#### Data for the task ####

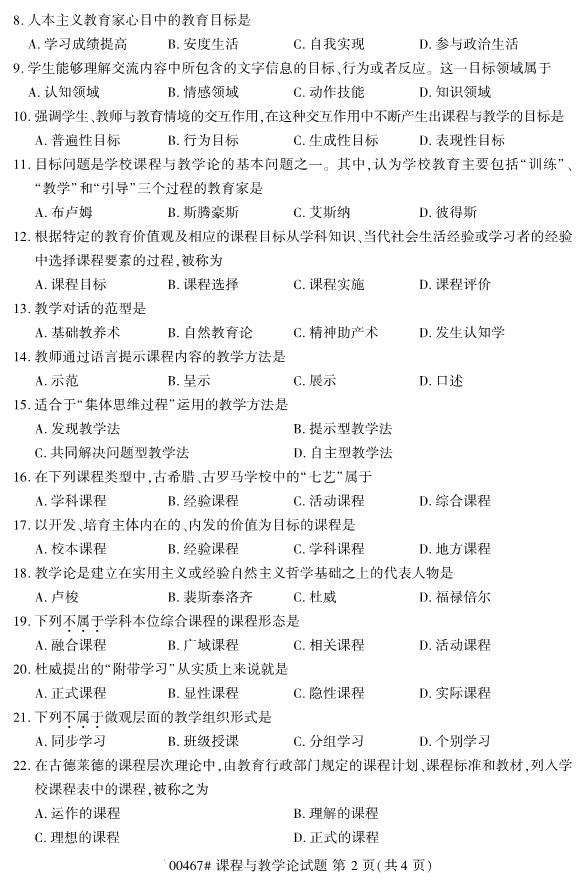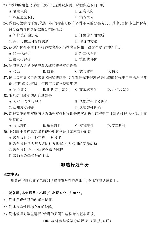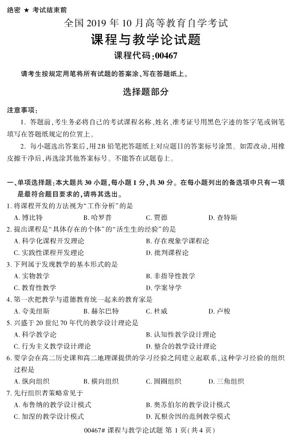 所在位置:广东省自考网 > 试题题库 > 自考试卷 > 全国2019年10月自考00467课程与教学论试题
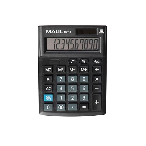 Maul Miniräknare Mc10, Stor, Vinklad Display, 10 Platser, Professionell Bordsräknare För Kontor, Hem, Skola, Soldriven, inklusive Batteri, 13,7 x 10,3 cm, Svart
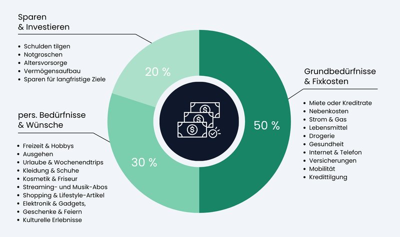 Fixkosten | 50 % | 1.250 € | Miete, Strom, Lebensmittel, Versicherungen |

####
#### Data for the task ####

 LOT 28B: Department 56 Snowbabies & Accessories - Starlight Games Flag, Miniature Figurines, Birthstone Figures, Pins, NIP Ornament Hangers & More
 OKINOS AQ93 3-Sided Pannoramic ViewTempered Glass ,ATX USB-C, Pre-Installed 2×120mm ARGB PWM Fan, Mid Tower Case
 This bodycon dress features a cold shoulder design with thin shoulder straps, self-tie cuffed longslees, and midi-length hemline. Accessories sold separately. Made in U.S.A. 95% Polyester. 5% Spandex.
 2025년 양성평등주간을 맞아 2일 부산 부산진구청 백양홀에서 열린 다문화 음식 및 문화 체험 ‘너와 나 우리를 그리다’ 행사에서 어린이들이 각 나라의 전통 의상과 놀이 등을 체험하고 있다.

####

▶ Required work
In the data above, find the line containing "所在位置:广东省自考网 > 试题题库" and the line containing "Fixkosten | 50". Repeat those two lines and everything between them exactly, minus the pictures.

▶ Response
 所在位置:广东省自考网 > 试题题库 > 自考试卷 > 全国2019年10月自考00467课程与教学论试题
 Maul Miniräknare Mc10, Stor, Vinklad Display, 10 Platser, Professionell Bordsräknare För Kontor, Hem, Skola, Soldriven, inklusive Batteri, 13,7 x 10,3 cm, Svart
 Fixkosten | 50 % | 1.250 € | Miete, Strom, Lebensmittel, Versicherungen |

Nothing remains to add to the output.